The problem: Give back every entry exactly as it is written, but not the pictures.

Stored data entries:
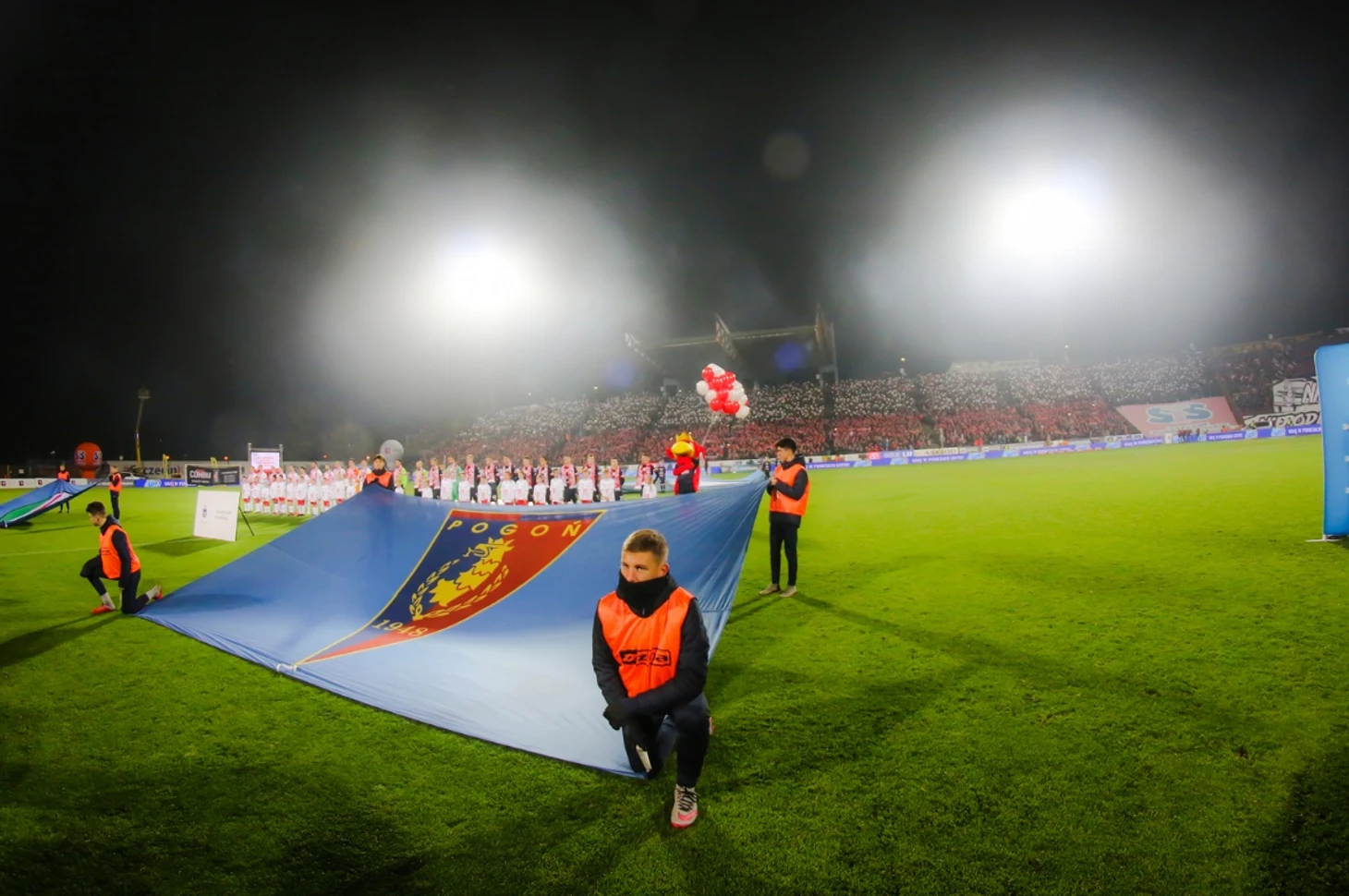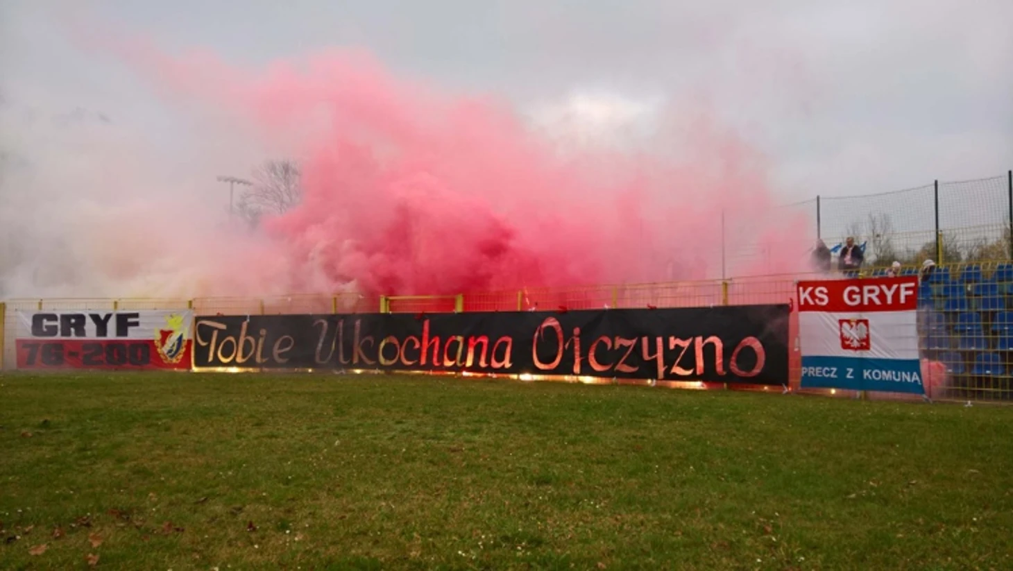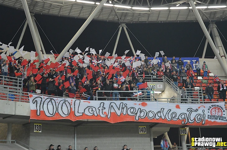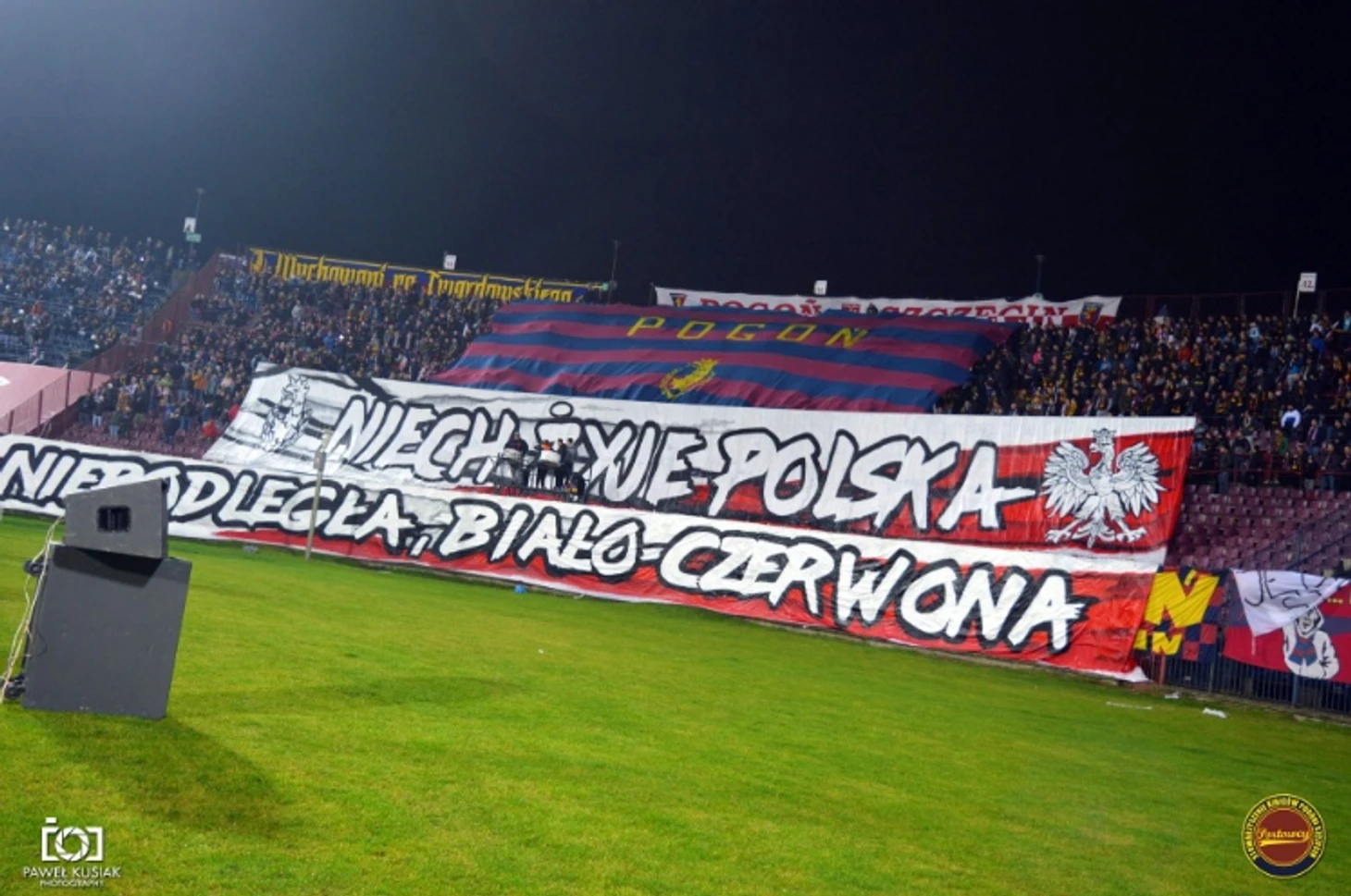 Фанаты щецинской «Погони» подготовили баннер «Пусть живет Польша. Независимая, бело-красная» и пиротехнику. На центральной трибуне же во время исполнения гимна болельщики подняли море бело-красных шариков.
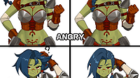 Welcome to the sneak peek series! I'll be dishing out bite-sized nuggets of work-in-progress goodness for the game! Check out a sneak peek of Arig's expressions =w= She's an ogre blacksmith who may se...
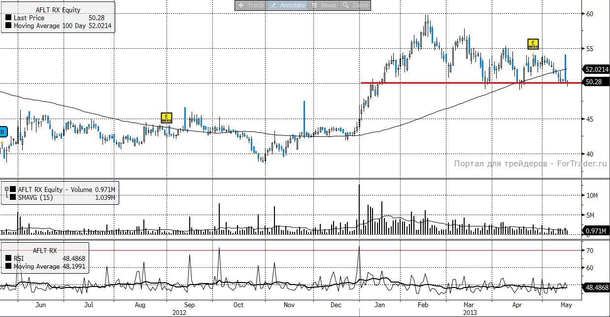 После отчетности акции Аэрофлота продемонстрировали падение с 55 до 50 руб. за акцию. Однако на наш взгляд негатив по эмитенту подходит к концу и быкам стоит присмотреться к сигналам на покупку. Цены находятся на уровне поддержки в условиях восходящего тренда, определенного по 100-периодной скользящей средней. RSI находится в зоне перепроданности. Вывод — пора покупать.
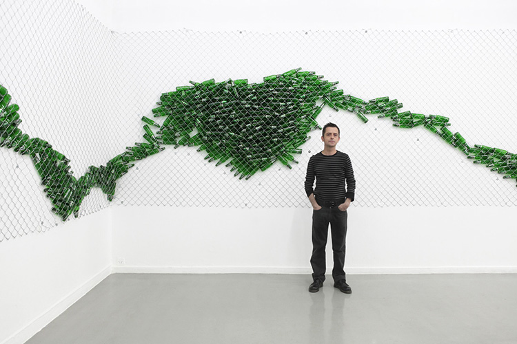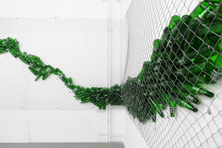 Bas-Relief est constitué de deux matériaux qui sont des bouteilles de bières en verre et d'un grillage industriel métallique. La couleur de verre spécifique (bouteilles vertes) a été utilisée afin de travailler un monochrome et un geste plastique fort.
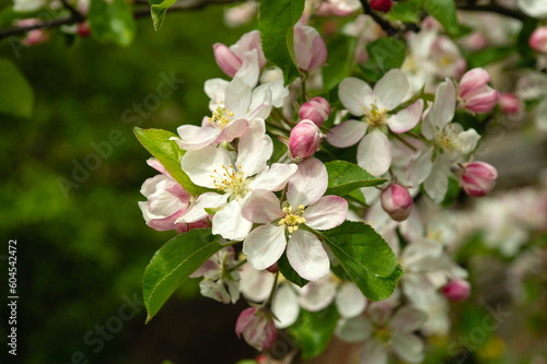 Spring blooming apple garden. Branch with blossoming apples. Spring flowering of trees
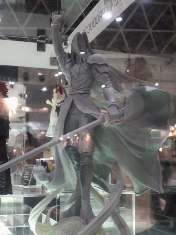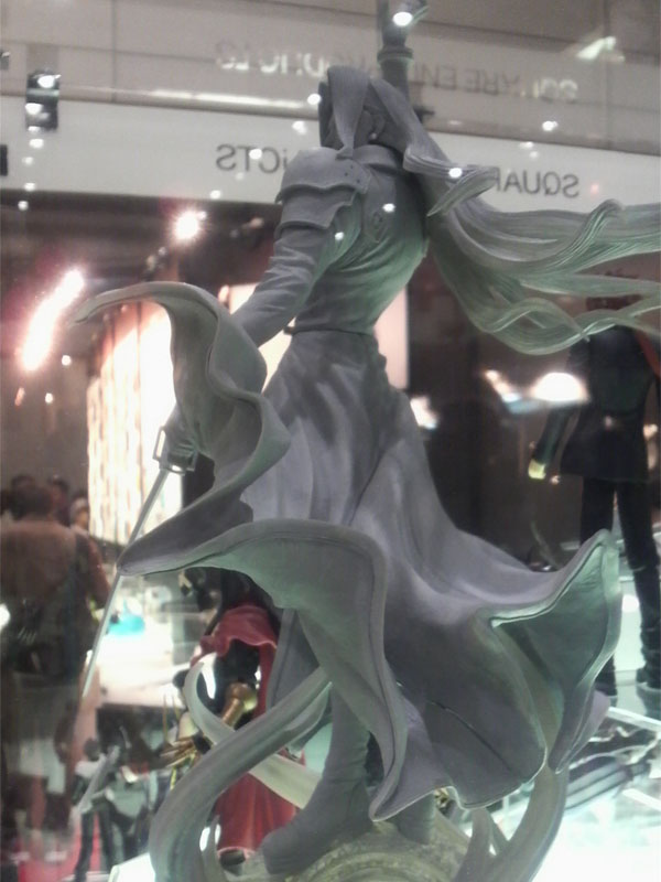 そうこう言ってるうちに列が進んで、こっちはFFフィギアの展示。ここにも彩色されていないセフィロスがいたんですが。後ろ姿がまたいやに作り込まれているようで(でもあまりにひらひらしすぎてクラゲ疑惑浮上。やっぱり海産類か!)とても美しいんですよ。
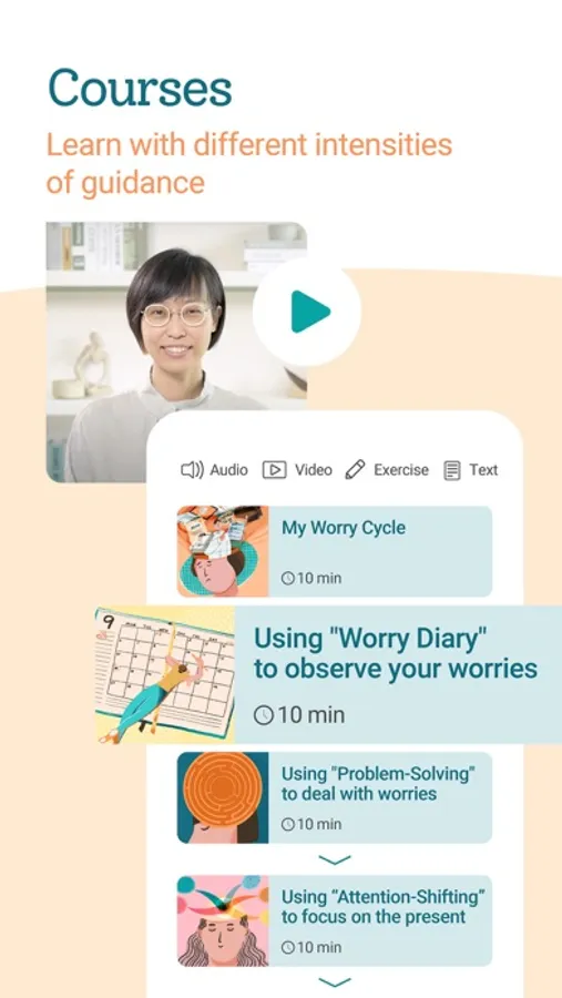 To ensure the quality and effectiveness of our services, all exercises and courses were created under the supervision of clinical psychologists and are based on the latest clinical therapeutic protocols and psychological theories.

Answer to this problem:
 Фанаты щецинской «Погони» подготовили баннер «Пусть живет Польша. Независимая, бело-красная» и пиротехнику. На центральной трибуне же во время исполнения гимна болельщики подняли море бело-красных шариков.
 Welcome to the sneak peek series! I'll be dishing out bite-sized nuggets of work-in-progress goodness for the game! Check out a sneak peek of Arig's expressions =w= She's an ogre blacksmith who may se...
 После отчетности акции Аэрофлота продемонстрировали падение с 55 до 50 руб. за акцию. Однако на наш взгляд негатив по эмитенту подходит к концу и быкам стоит присмотреться к сигналам на покупку. Цены находятся на уровне поддержки в условиях восходящего тренда, определенного по 100-периодной скользящей средней. RSI находится в зоне перепроданности. Вывод — пора покупать.
 Bas-Relief est constitué de deux matériaux qui sont des bouteilles de bières en verre et d'un grillage industriel métallique. La couleur de verre spécifique (bouteilles vertes) a été utilisée afin de travailler un monochrome et un geste plastique fort.
 Spring blooming apple garden. Branch with blossoming apples. Spring flowering of trees
 そうこう言ってるうちに列が進んで、こっちはFFフィギアの展示。ここにも彩色されていないセフィロスがいたんですが。後ろ姿がまたいやに作り込まれているようで(でもあまりにひらひらしすぎてクラゲ疑惑浮上。やっぱり海産類か!)とても美しいんですよ。
 To ensure the quality and effectiveness of our services, all exercises and courses were created under the supervision of clinical psychologists and are based on the latest clinical therapeutic protocols and psychological theories.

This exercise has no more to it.